既存のWebサイトログインシステムでOpenIDを使用してください
-
14-09-2020 - |
質問
最近、ユーザーが自分のサイトにアカウントを作成しないように、GoogleとYahooのOpenIDエンドポイントを自分のサイト上の認証システムに実装しました。かなり一般的な練習、右?
私は具体的な質問をしていますが、最初に少し背景情報を持っています。
3脚認証を受けたとき、私は属性交換を使用してユーザーの名前と電子メールアドレスを取得しました。現在、私は彼らのOpenIDを保存しています(このような長い文字列: https://me.yahoo。 COM / A / 2Z7LPLQSNI_DGTAW ユーザーテーブルの特別なフィールドにある[英数字の束)。
私のユーザーのテーブルはこのように見えましょう。
type id password email key
1 1 0e9212587d373ca58e9bada0c15e6fe4 test@example.com
2 1 b8d2f4a50d2b364ff2766556ba50da48 me@gmail.com https://www.google.com/accounts/o8/id?id=AItOawll6-m_y…

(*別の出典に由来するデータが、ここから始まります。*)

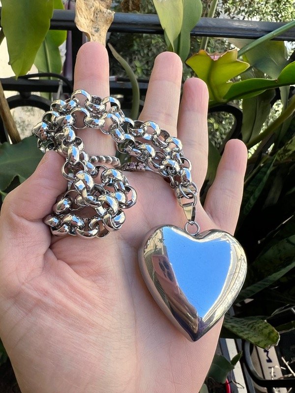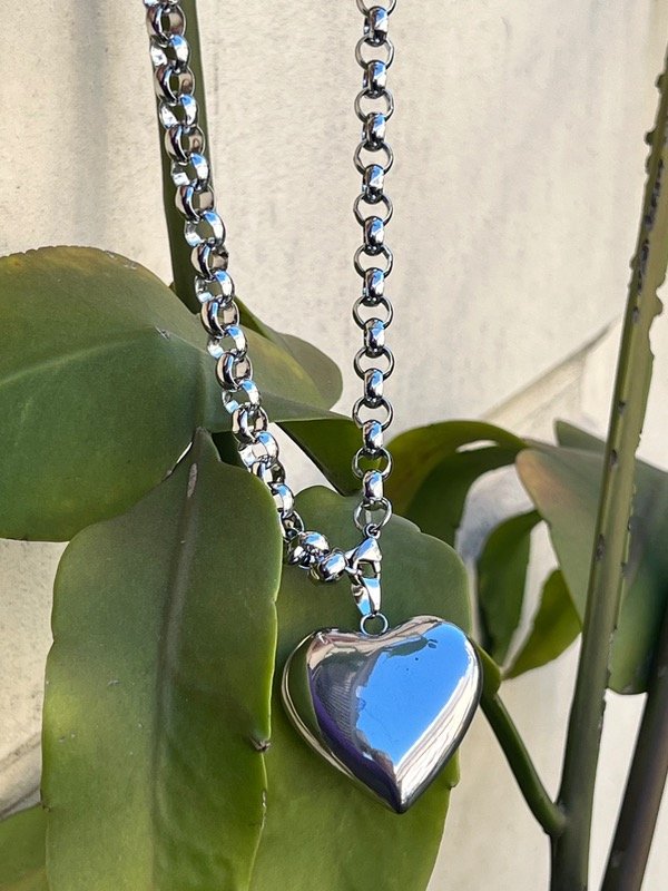 2 collares rolo de acero corazón

2 2 6687d5d88b359ee1340717ebf0d1afc6 you@gmail.com https://www.google.com/accounts/o8/id?id=AItOawm3-C_9…
3 1 fd193c2fa449c9d6dc201d62d5ca86d3 him@yahoo.com https://me.yahoo.com/a/2Z7LplQsnI_DgtAw…
1 2 2e710b13b3dd787e2b15eab3dde508c2 person@site.com
types
1 = native account
2 = Google OpenID
3 = Yahoo OpenID
.
ネイティブアカウントでユーザーがログインすると、Eメールとパスワードは認証(DUH)に使用されます。
ユーザーがGoogleまたはYahoo OpenIDを使用すると、OpenID(キーフィールド)が認証に使用されます。
大丈夫、今の背景情報はすべて邪魔にならないようになっています... OpenID自体を保存することを忘れ、単に属性交換から戻ってくる電子メールを使用してユーザーを認証することができますか? OpenIDトランザクションの3番目の脚を偽装することも、Googleで@ gmail.comを取得するたびに、それが本物で偽装されていないことがわかりますか?
解決
プロトコルの意図的な侵入は、長期的に頭痛を主張します。たとえば、ユーザーがカスタム構築されたOpenIDサーバーを使用してログインしているが@ gmail.comのEメールアドレスを提供する場合を検討してください。
OpenID認証交換がID URLであった後、絶対に一貫性と信頼性が保証されている唯一の情報。